Publication at Faculty of Humanities |
2021

Abstract

The article addresses precarious work performed by employees in the Czech Republic in the period 2008 to 2018. The approach involved the operationalisation of uncertain positions in the labour market, with an initial assumption that two types of such employees exist according to employment legislation, i.e. those working on fixed-term contracts and those on part-time contracts.

This approach is validated in the article via the consideration of several related aspects (income differences, differentiation between professions and the unemployment risk) using data from the Labour Force Survey. The results show that precarious employees have a household income per capita of below the income poverty line.

The next step of the research identified those occupations with a higher incidence of precarious work with respect both to the main classifications of the ISCO occupation classification and individual occupations. It was confirmed that the professions affected are those with lower qualification demands - auxiliary and unskilled workers (approximately 9%) and workers in the services and retail sectors (approximately 4%).

Furthermore, the article presents time-series aggregated data on both of the types of precarious work identified approximately from the beginning of the financial crisis in 2008 up to 2018 in connection with the development of unemployment. The application of the operationalisation approach, especially concerning short-term contracts (the first type), was further validated by the results of the unemployment risk analysis of the panel component of the data.
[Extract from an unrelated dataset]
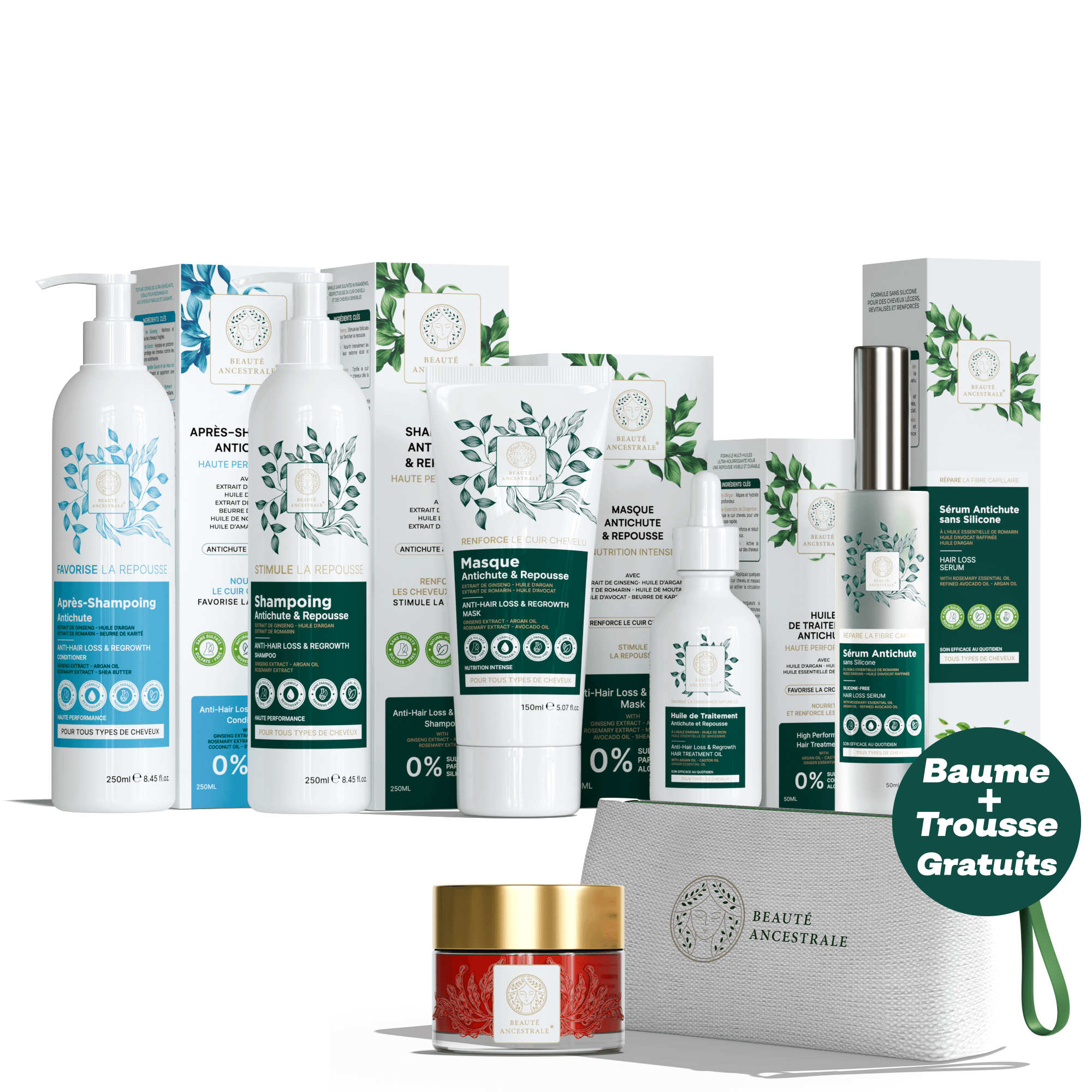 المجموعة الكاملة للعناية بالشعر ضد التساقط من Beauté Ancestrale® هو حل متكامل لمكافحة تساقط الشعر،

It was determined that a higher probability of unemployment occurs, even within the same occupational groups (and considered according to gender and education), with respect to those employees who occupied precarious employment positions in the previous quarter. When compared to other research approaches, the operationalisation of unstable work via the analysis of secondary data proved to be a suitable tool for research into both the conditions of those with precarious positions in the labour market and the various effects on the behaviour and thinking of those affected.